Terraform is not limited to physical providers like AWS. Resource schedulers
can be treated as a provider, enabling Terraform to request resources from them.
This allows Terraform to be used in layers: to setup the physical infrastructure
running the schedulers as well as provisioning onto the scheduled grid.
## Kubernetes
Kubernetes is an open-source workload scheduler for containerized applications. Terraform enables you to both deploy the Kubernetes cluster and manage its resources (e.g., pods, deployments, services, etc.). You can also use the [Kubernetes Operator for Terraform](https://github.com/hashicorp/terraform-k8s) to manage cloud and on-prem infrastructure through a Kubernetes custom resource definition (CRD) and Terraform Cloud.
### Resources
- Try the [Manage Kubernetes Resources via Terraform](https://learn.hashicorp.com/tutorials/terraform/kubernetes-provider?in=terraform/kubernetes) tutorial on HashiCorp Learn. You will use Terraform to schedule and expose a NGINX deployment on a Kubernetes cluster.
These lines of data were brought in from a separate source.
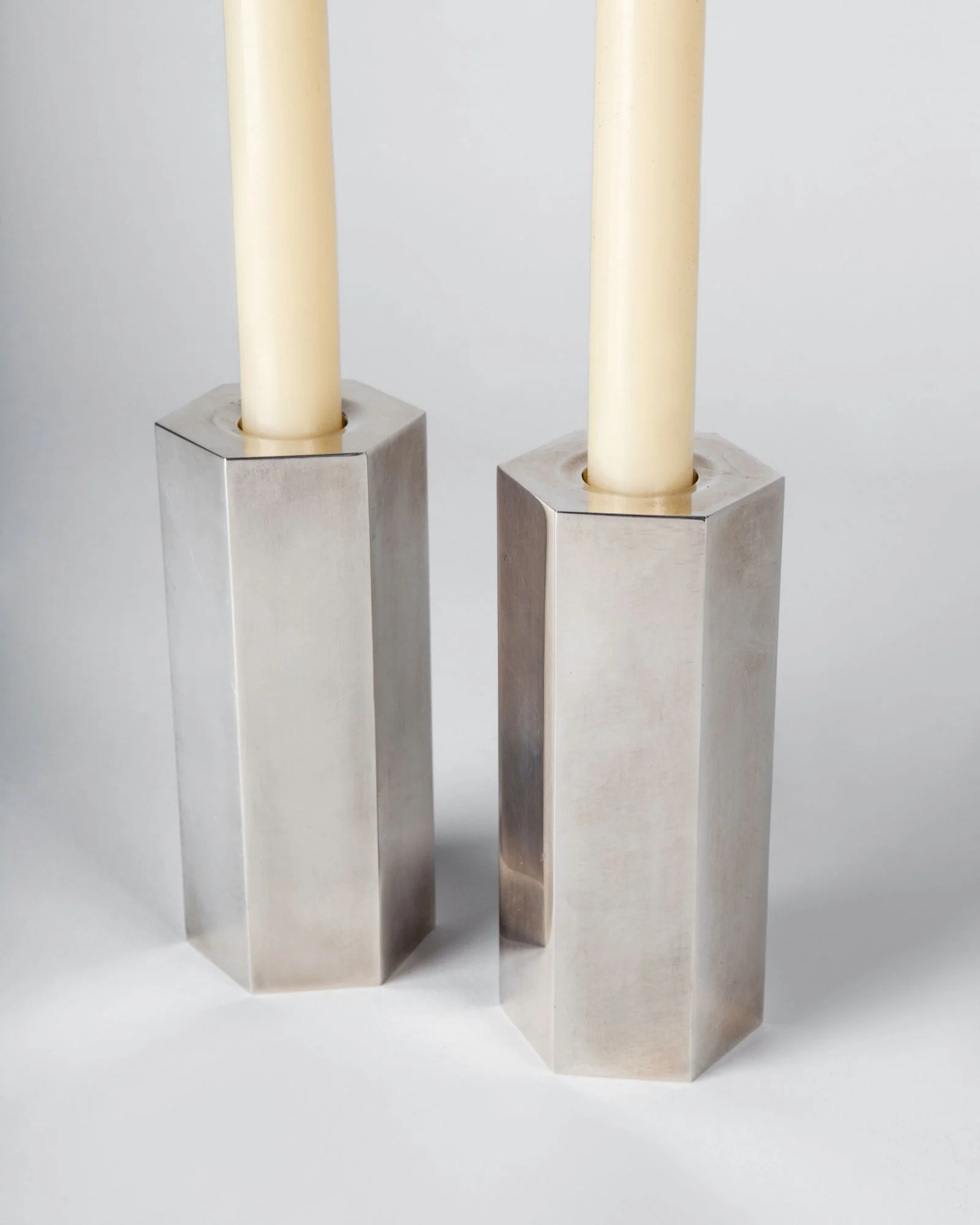 A solid brass hexagonal form candlestick, which reflects light from its many sides. Part of our set of universal geometric building blocks.
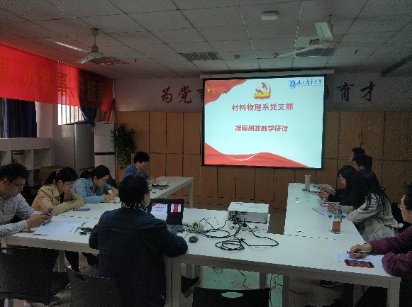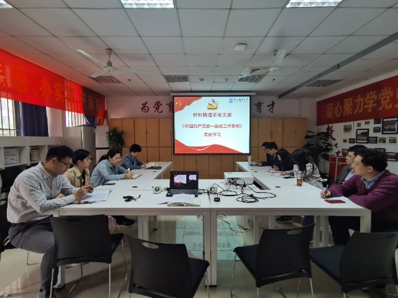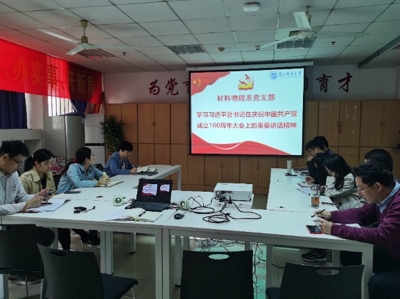 10月27日下午,麻豆传媒 材料物理系党支部在仙林校区教5-101会议室召开支部党员大会,支部党员集中学习了习近平总书记在庆祝中国共产党成立100周年大会上的重要讲话精神、中国共产党统一战线工作条例,并开展了课程思政教学研讨。
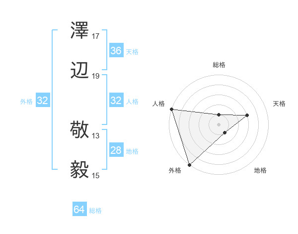 澤辺 敬毅さんの総格は64画の1点!
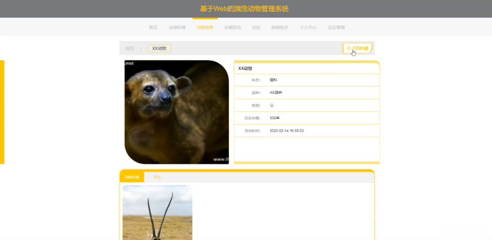 动物信息:在动物信息页面的输入栏中输入科目和品种进行搜索,可以查看到动物详细信息,并进行评论或收藏操作;动物信息页面如图5-4所示:
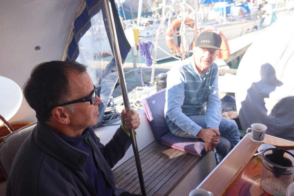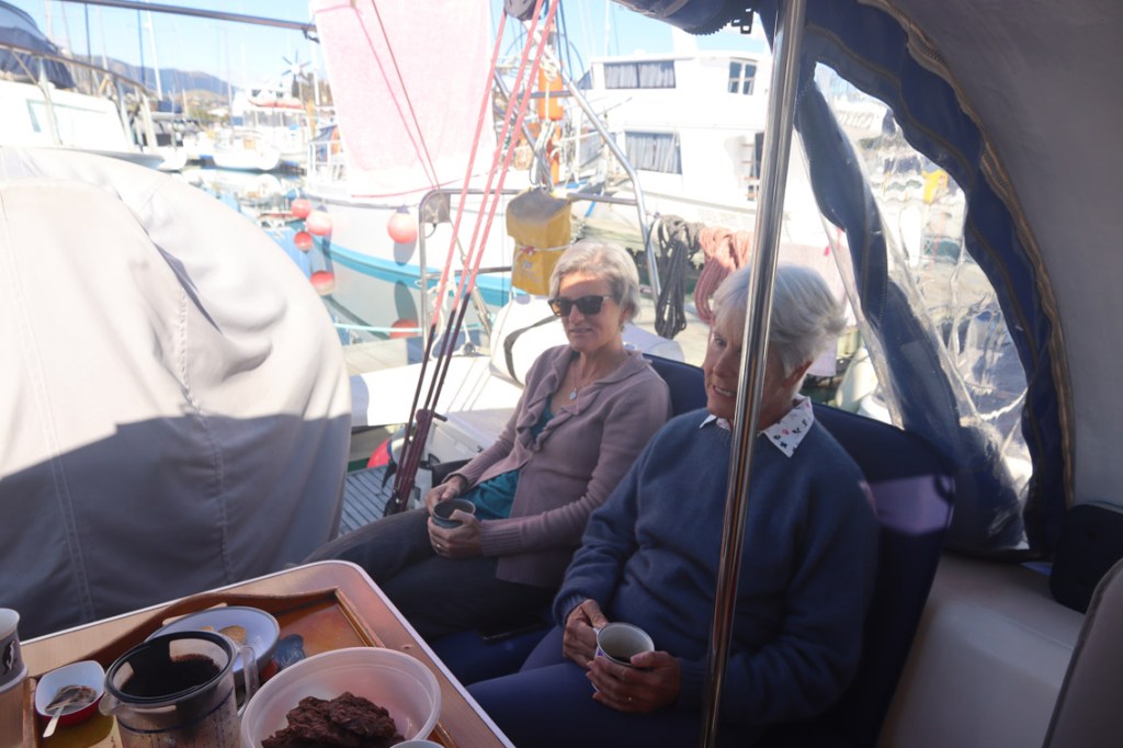 Mardi matin, Marion, Dave et leur fille Karen (une famille de Nelson avec qui ma soeur Sophie s’était liée d’amitié lors de son passage ici en 2004) viennent prendre le café à bord de Rêve à Deux et nous passons la matinée à raconter notre voyage .
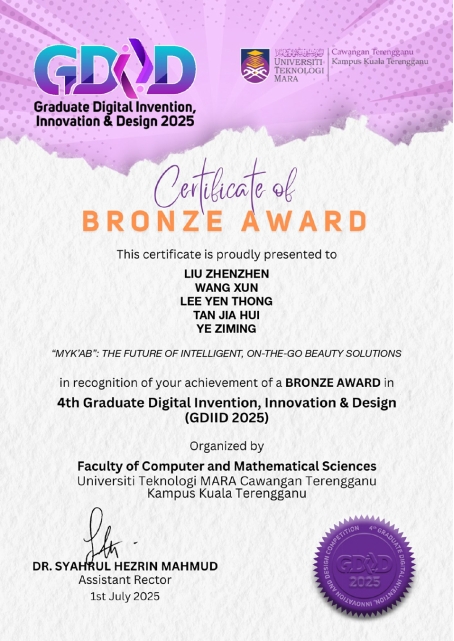 The GDIID 2025 competition, now in its fourth edition, is an international event organised by Universiti Teknologi MARA (UiTM), Terengganu Branch, Kuala Terengganu Campus. Held fully online, the competition invited graduate students from around the world to present innovative digital solutions under the theme "Igniting Minds, Innovating Digital Futures".
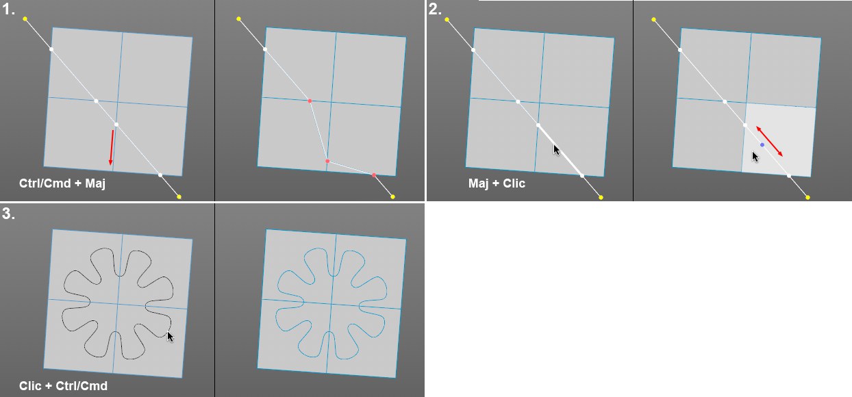1. Si un point de contrôle est déplacé alors que les touches Ctrl (Windows) / Cmd (Mac) + Maj sont enfoncées, les points de coupes voisins ne bougeront pas.
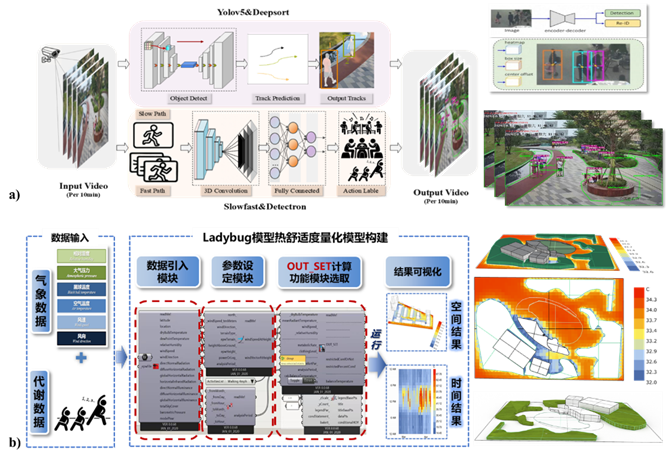 1)多源数据动态采集:在目标场地布设小型水热监测站,实时获取温度、湿度、风速等气象因子。同步利用文化服务AI智慧监测系统,集成YOLOv5行人检测与DeepSort多目标跟踪算法实现行人连续追踪,并采用SlowFast双流卷积神经网络自动识别行走、站立、锻炼等活动类型;

- Try the [Deploy Infrastructure with the Terraform Cloud Operator for Kubernetes](https://learn.hashicorp.com/tutorials/terraform/kubernetes-operator) tutorial on HashiCorp Learn. You will configure and deploy the Operator to a Kubernetes cluster and use it to create a Terraform Cloud workspace and provision a message queue for an example application.
## Parallel Environments
You may have staging or QA environments that you use to test new applications before releasing them in production. As the production environment grows larger and more complex, it can be increasingly difficult to maintain an up-to-date environment for each stage in the development process. Terraform lets you rapidly spin up and decommission infrastructure for development, test, QA, and production. Using Terraform to create disposable environments as needed is more cost-efficient than maintaining each one indefinitely.
## Software Demos
You can use Terraform to create, provision, and bootstrap a demo on various cloud providers. This lets end users easily try the software on their own infrastructure and even enables them to adjust parameters like cluster size to more rigorously test tools at any scale.